Archduke Ludwig Salvator of Austria (1847-1915), a rather free spirited Austrian noble, was a natural history and wildlife enthusiast, conservationist, seasoned world traveller, and accomplished author of travel works, although best known for his encyclopaedic oeuvre of Balearic natural history, a seven volume work published from 1869-1891 titled, "Die Balearen in Wort und Bild geschildert". The son of Leopold II, Grand Duke of Tuscany, he was the also second cousin to emperor Franz Joseph of the ruling House of Habsburg-Lorraine. Equipped with his own steam and sailing yacht "Nixe" completed in 1873, Salvator explored Mediterranean regions, also performing scientific studies inland. He was immediately enamoured with Majorca upon his arrival in 1867, and settled there permanently in 1872, purchasing parcels of land to preserve and enjoy.

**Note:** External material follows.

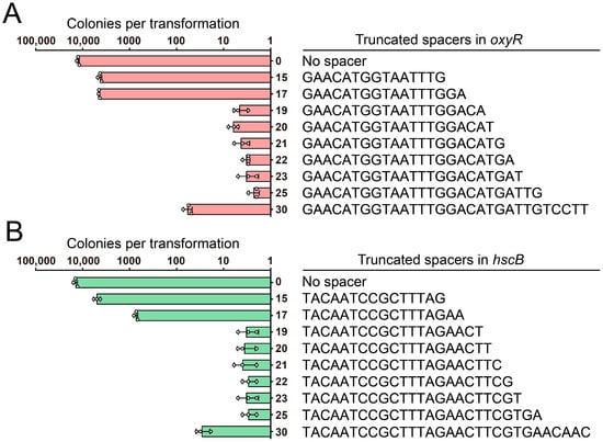 Spacer length requirement of FnCpf1-mediated gene editing in A. baumannii. The colonies produced by electroporating the pCrAb-km plasmids containing various truncated spacers into the IPTG-induced pFnCpfAb-apr-harboring A. baumannii cells to target the oxyR gene (A) and the hscB gene (B), respectively. The pCrAb-km plasmid containing no spacer was used as control. Data were means ± SD (n = 3).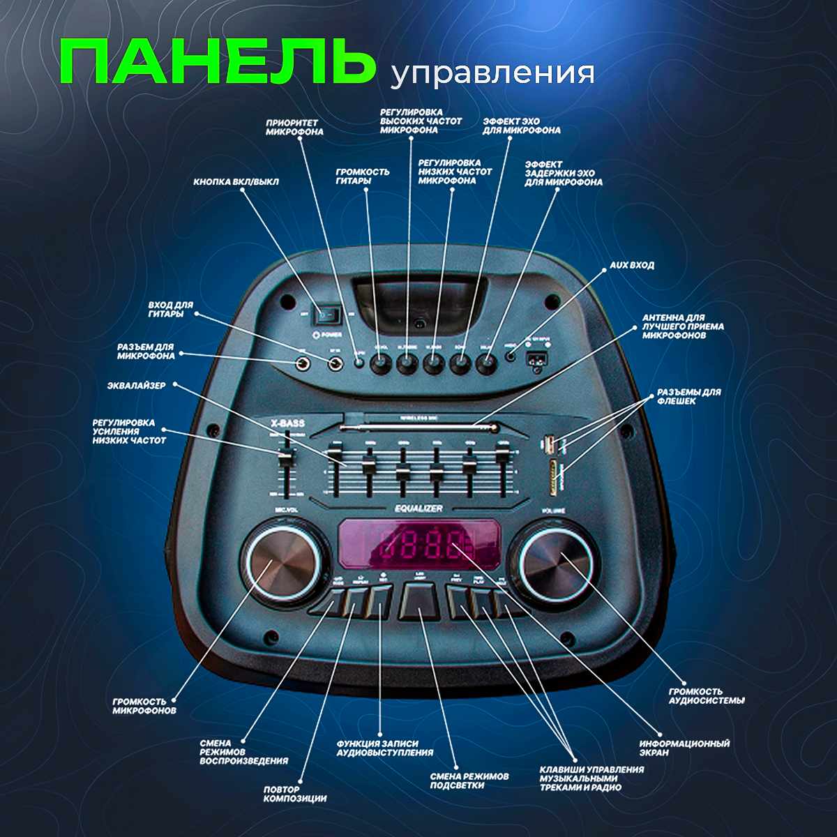 | Функции звука | регулировка ВЧ / регулировка НЧ / синхронизация колонок / эквалайзер |

In 1885 Salvator made the acquaintance of Catalina Homar, the daughter of a carpenter from Deià, then 17 years of age. The Archduke made her the administrator of his s’Estaca estate near Deià, where she was celebrated for her success in cultivating grapes (wines produced under her stewardship from local Malvasia grapes won prizes in Paris and Chicago). The young lady also became the Archduke’s lover and the pair made several trips around the world together. Salvator's ship was wrecked in 1893, and the following year Salvator acquired the three-mast vessel "Hertha" from the Prince of Liechtenstein, which he renamed "Nixe."
In 1899, he made his last voyage with Catalina Homar, from Mallorca to the Holy Land. Tragically, Catalina contracted a deadly infectious form of leprosy, which eventually took her life in 1905.
It was Salvator's intense desire to stimulate public interest for landscapes which he thought were little known, rarely traveled, but worthy of attention. His scientific work and subsequent treatises and maps were centered on undiscovered regions, mainly small islands in Greece, Sicily, Italy, and the Balearic Islands. [The Balearic Islands are commemorating the centenary of his death in 2015.]
Minor marginal spots, otherwise pristine condition and preserved in a new cardboard tube, retaining the original printed label.